Ethel Wright was also responsible for the portrait which was featured on Una Duval's marriage reform pamphlet.

==Family==

In 1912 Una Dugdale married Victor Duval, the founder of The Men’s Political Union for Women’s Enfranchisement. Duval came from a middle class family, all of whom supported votes for women. He was the son of Ernest Charles Augustus Diederichs Duval, a German immigrant of potentially Jewish background, and suffragette Emily Hayes Duval. His sister Elsie, who was a fellow suffragette and wife of suffragist Hugh Franklin, was the second person to be released under the Prisoners (Temporary Discharge for Ill Health) Act 1913 (the so-called "Cat and Mouse law"). His mother and aunt were members of the Jewish League for Women Suffrage.

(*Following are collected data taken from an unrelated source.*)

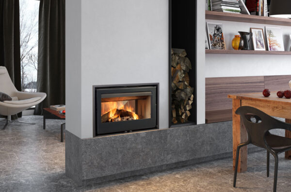 Véritable insert double faces avec porte battante, le compromis idéal pour être incorporer dans une cheminée traversante, ou bien pour séparer 2 pièces. Cet insert se compose de 2 portes réversibles, habillage intérieur en vermiculite, Possibilité d’arrivée d’air extérieur, Air primaire et secondaire préchauffés, Double déflecteur pour ajuster le tirage.
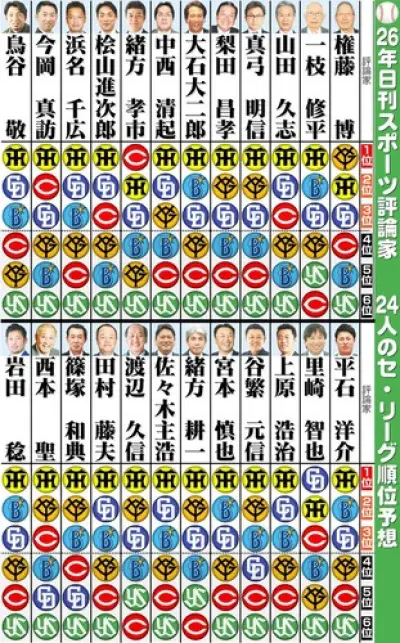 解説者の2026セリーグ順位予想wwwwwwwwwww
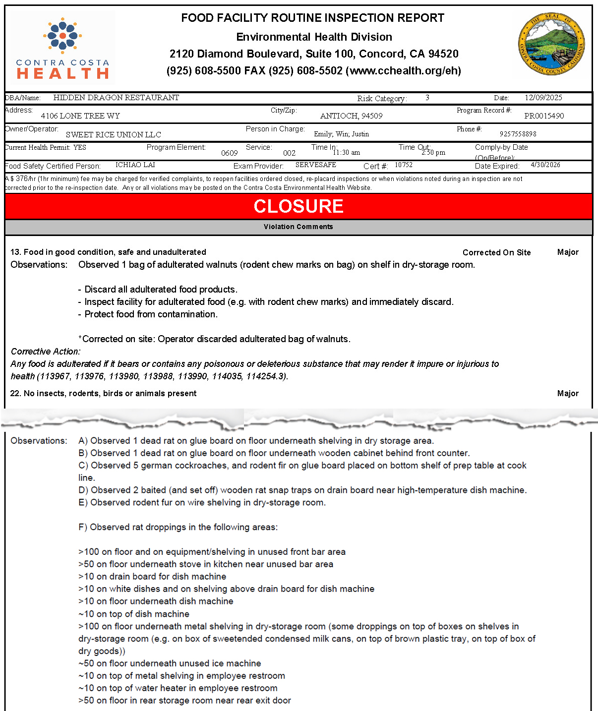 According to the Contra Costa Health Department’s Environmental Health Division, Hidden Dragon Chinese restaurant in Antioch was shut down last April for violations including insects, rodents referred to as rats and mice, birds or animals present. It was shut down again on Dec. 9th for some of the same problems. Both times the owners were instructed to, “Cease and Desist all food activities.”
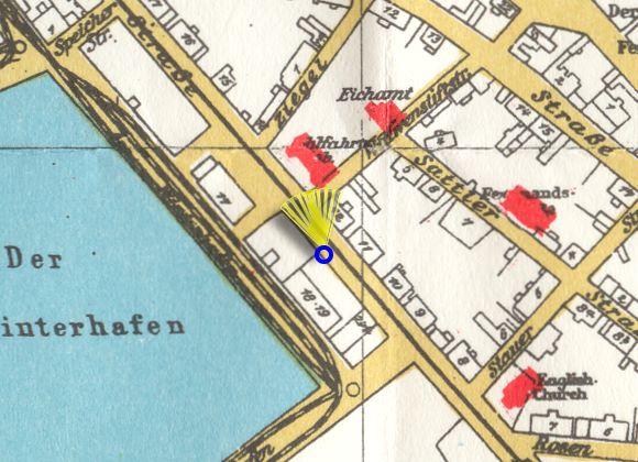 | Šaltinis: | Übersichts-Plan der Stadt Memel Stand 1923, 1985 Nachdruck von Druckerei Probst, Höchst im Odenwald - Günter Maeding (früher Memel). |
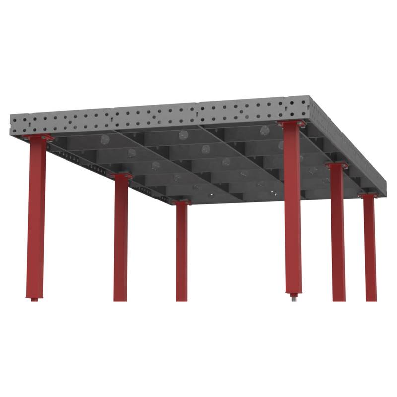 Сварочно-сборочный стол от Keepler-Stan предназначен для позиционирования и фиксации деталей и узлов металлических конструкций, а также для позиционирования роботизированной сварки. Усиленная ребрами жесткости столешница имеет отверстия диаметром 16мм и координатную сетку с шагом 50 мм для использования ее в качестве шаблона а так же нанесена линейка по длинной стороне стола для удобства позиционирования деталей. Толщина и высота ребер жесткости соответствует толщине столешницы и заявленной высоте боковой стенки. Допустимое отклонение по плоскости столешницы 1мм на 1 пог.м. стола. Высота стола 900мм, с возможностью регулировки 50 мм.
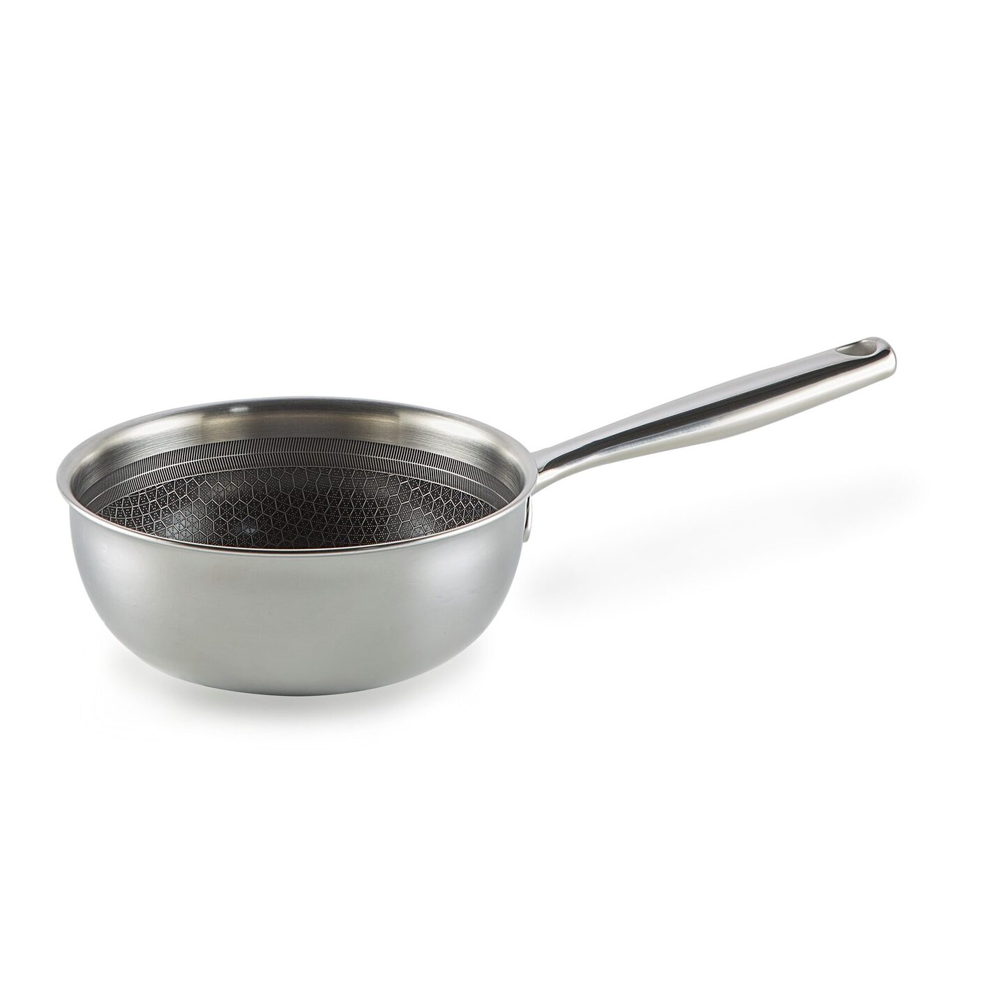 Het honingraatpatroon zorgt niet alleen voor bescherming, maar ook voor een gelijkmatige verdeling van vet en warmte, zodat sauzen, groenten of kleine vleesgerechten altijd perfect slagen. Bovendien blijft voedsel minder snel kleven, waardoor je ook nog eens gezonder en met minder vet kookt. Het stalen reliëf zorgt ervoor dat de pan heet genoeg wordt voor een heerlijk krokant bakresultaat, iets wat gewone antiaanbakpannen vaak niet kunnen. De gepuntlaste steel maakt de sauspan extra hygiënisch, omdat vuil en bacteriën zich niet kunnen ophopen bij schroeven of klinknagels. Daarbij blijft de steel koel op inductie, wat het kookcomfort verhoogt. Met de Habonne Hybrid sauspan 18 cm kies je voor duurzaamheid, gebruiksgemak in jouw keuken.
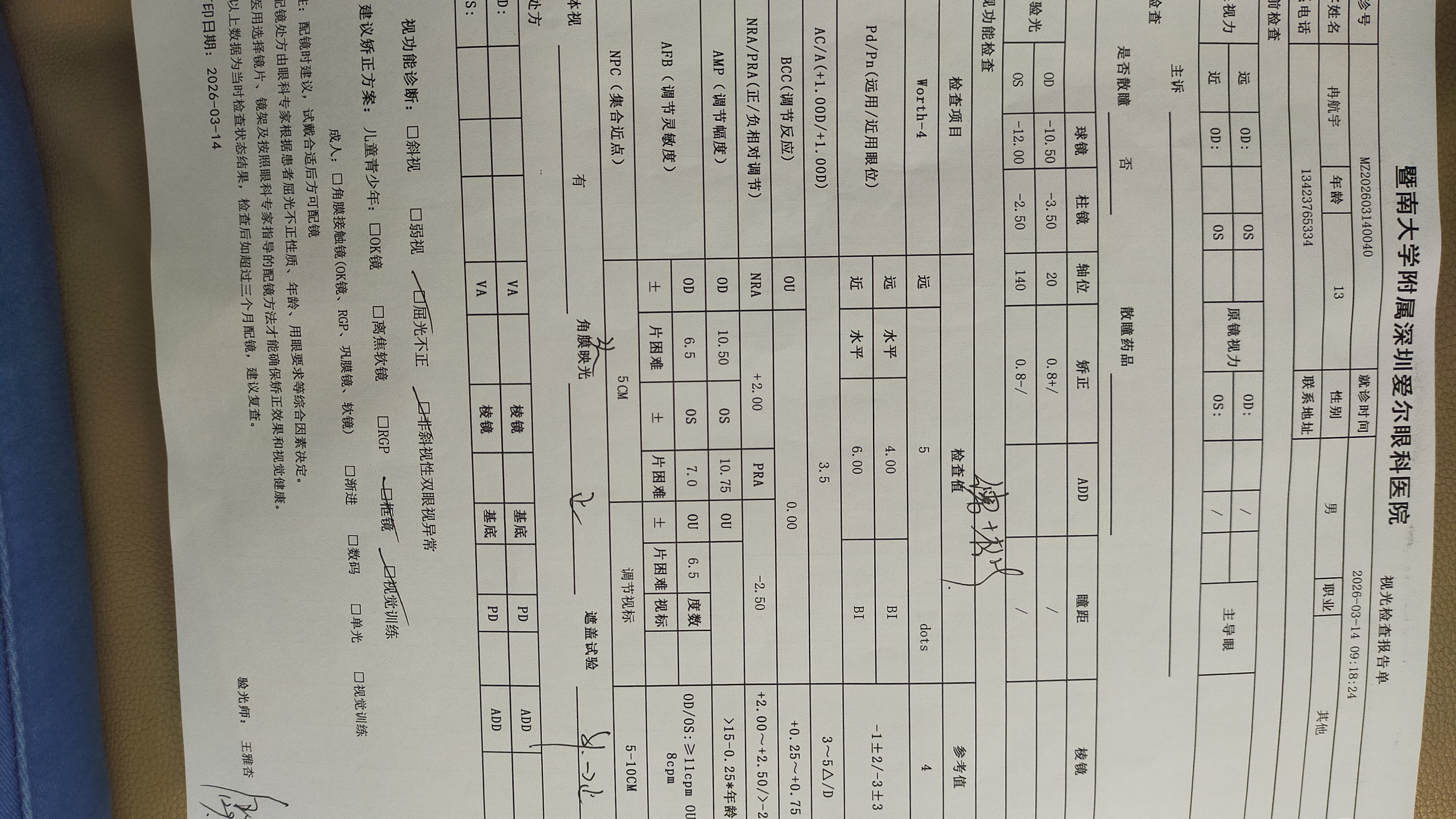 3. PRA绝对值仅1.5D(正常需≥2.5D),调节储备严重不足,AC/A值1.5偏低,提示调节与集合联动异常
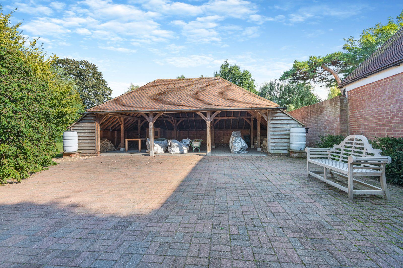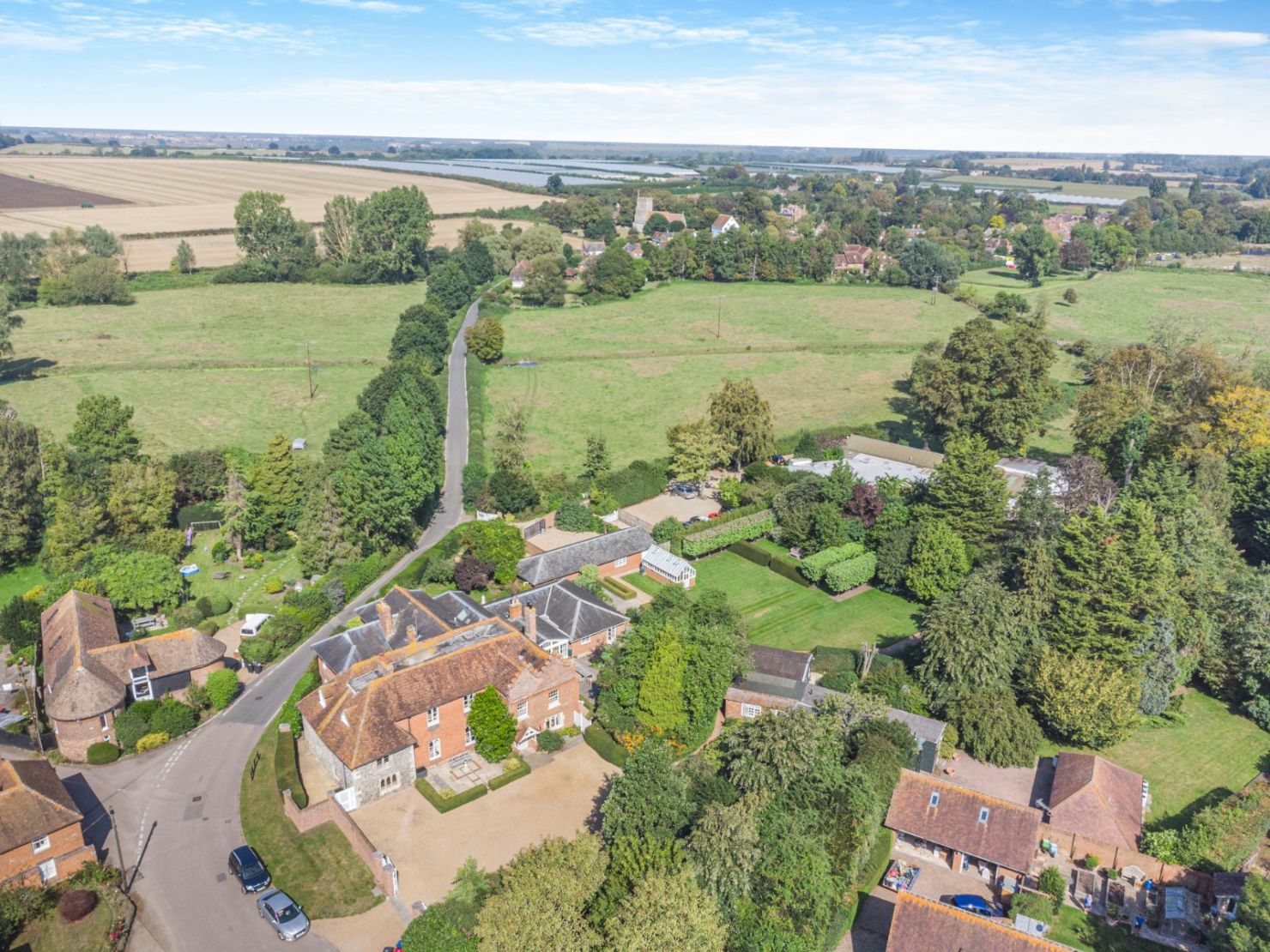 The property stands just off the village street within a peaceful and substantial private garden, A large gravelled forecourt provides ample parking and access to a triple oak-framed garage barn. A rear drive leads to a triple brick-built garage with attached shed and parking area. This is accessed by an electronic gate. Adjacent is a further parking area.
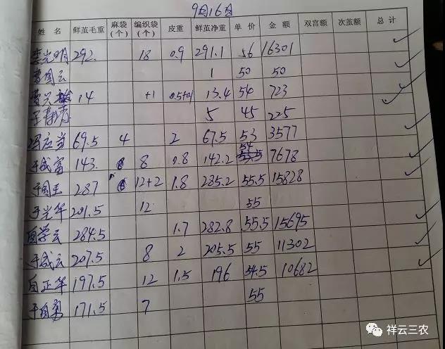 劉廠鎮(zhèn)王府山蠶繭收購站,來自蠶桑新發(fā)展區(qū)東山鄉(xiāng)妙姑村的自學(xué)云戶,秋蠶飼養(yǎng)13張、第一次售鮮蠶繭313公斤、單價(jià)56元/公斤、售繭收入17528元,第二次售鮮蠶繭286公斤、單價(jià)55.5元/公斤、售繭收入15873元,售秋蠶繭收入共計(jì)33401.00元。余乘云戶,飼養(yǎng)秋蠶5張、售鮮蠶繭207.5公斤,售價(jià)55元/公斤,售秋蠶繭收入11412.5元。
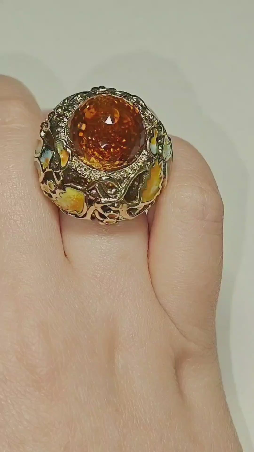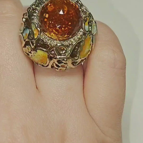 The "Autumn ring" from the "Stone Garden Collection", made from 18K yellow gold, the center stone is a 33ct. briolette citrine madeira gemstone pear, hot enamel paintings. Set with 0.5ct. yellow sapphires (on the inside of the ring under the citrine as well).
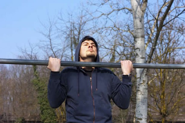引体向上动作能够锻炼我们的爆发力,因为街头训练动作一般都需要比较大的冲击力以及爆发力完成,那么就可以通过引体向上动作进行锻炼。一开始我们双手打开与肩同宽抓住单杠,并且双手保持自然放松的状态,此时双腿离开地面。动作开始,我们双手发力让身体能够向上,直到我们的下巴位置超过单杠,我们再放松身体,让身体自然向下垂放,重新开始动作。每次完成15个为一组,可以进行2~3组。
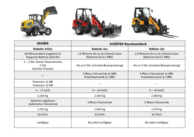 Ganz anders fällt da die Meinung von Bernd Allgeier aus, der im Allgäu im Schnellbaudienst tätig ist. „Aktuell haben wir auf unserer Baustelle wieder einen Elektro-Radlader angemietet“, berichtet er. Beim Fahren der Maschine würde man keinen großen Unterschied zum Dieselfahrzeug bemerken. „Die E-Maschine hat meiner Ansicht nach sogar mehr Power von Anfang an“, sagt Allgeier. Obwohl der Radlader nonstop im Einsatz ist, würde er einen ganzen Arbeitstag problemlos durchhalten. „Wir laden die Maschine während den Pausen immer wieder auf. Das ist ja kein Problem, der Radlader wird einfach mal für eine halbe Stunde an die Steckdose gehängt“, so Allgeier. Die Maschine werde für Aushub-Arbeiten oder beispielsweise auch für den Transport von Beton eingesetzt. Bislang habe ihn und seine Kollegen der Akku der E-Baumaschine noch nie im Stich gelassen. Die Einsatzgebiete des Radladers sind dabei ganz verschieden. Doch eines haben sie alle gemeinsam: Es handelt sich jedes Mal um emissionssensible Umgebungen – wie z.B. Umbaumaßnahmen in der Halle eines Herstellers, der Kartonagen für die Lebensmittelindustrie fertigt. Die Hygiene-Vorschriften untersagen hier den Einsatz eines Verbrennungsmotors bei laufendem Betrieb. Mit einer Elektromaschine ist das Arbeiten zwischen den Kartonagen hingegen kein Problem. Den einzigen Kritikpunkt, den Allgeier derzeit im Hinblick auf die Elektromaschinen nennen kann, ist der Service: „Die Werkstätten kennen sich mit den Maschinen einfach noch nicht so gut aus.“ Doch er ist optimistisch: „Das wird sich sicher ändern, sobald mehr von ihnen im Einsatz sind.“
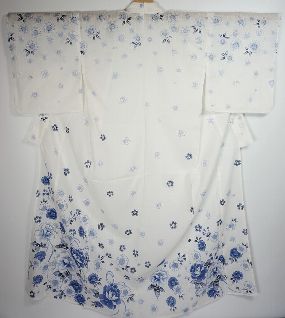 未使用【浴衣】絵羽模様 牡丹 桜 白 ブルー 019

Una and Victor Duval went on to have two daughters, Diana and Elizabeth. She bequeathed several items relating to the suffrage movement to her family, such as paintings by fellow suffragette Ethel Wright and a WSPU sash stained with her blood.

==In the media==

On 29 January 1955, Una Duval recorded an interview with John Ellison from the BBC Home Service's In Town Tonight describing how she attempted to storm parliament, was beaten in the street by policemen, and spent time in prison, during the campaign for women's votes.

On 14 February 2024, a writing desk, sash, and other items belonging to Una Duval were featured on Episode 26, Series 11 of the BBC programme The Repair Shop, having been brought in by her granddaughter and great granddaughter.